◆ Data for this task:
━━━━━━━━━━
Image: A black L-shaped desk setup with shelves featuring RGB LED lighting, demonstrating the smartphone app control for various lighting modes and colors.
━━━━━━━━━━
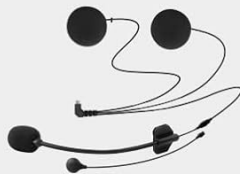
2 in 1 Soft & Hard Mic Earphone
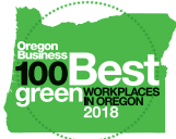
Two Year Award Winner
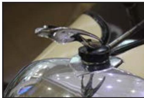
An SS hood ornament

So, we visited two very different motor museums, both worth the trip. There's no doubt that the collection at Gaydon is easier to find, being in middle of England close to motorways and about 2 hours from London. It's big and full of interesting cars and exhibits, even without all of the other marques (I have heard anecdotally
━━━━━━━━━━
◆ Work item: Word for word, retype the lines in the entries above that run from the one with "Two Year Award Winner" through the one with "So, we visited". Both ends count; pictures do not.

◆ Worked solution:
Two Year Award Winner
An SS hood ornament

So, we visited two very different motor museums, both worth the trip. There's no doubt that the collection at Gaydon is easier to find, being in middle of England close to motorways and about 2 hours from London. It's big and full of interesting cars and exhibits, even without all of the other marques (I have heard anecdotally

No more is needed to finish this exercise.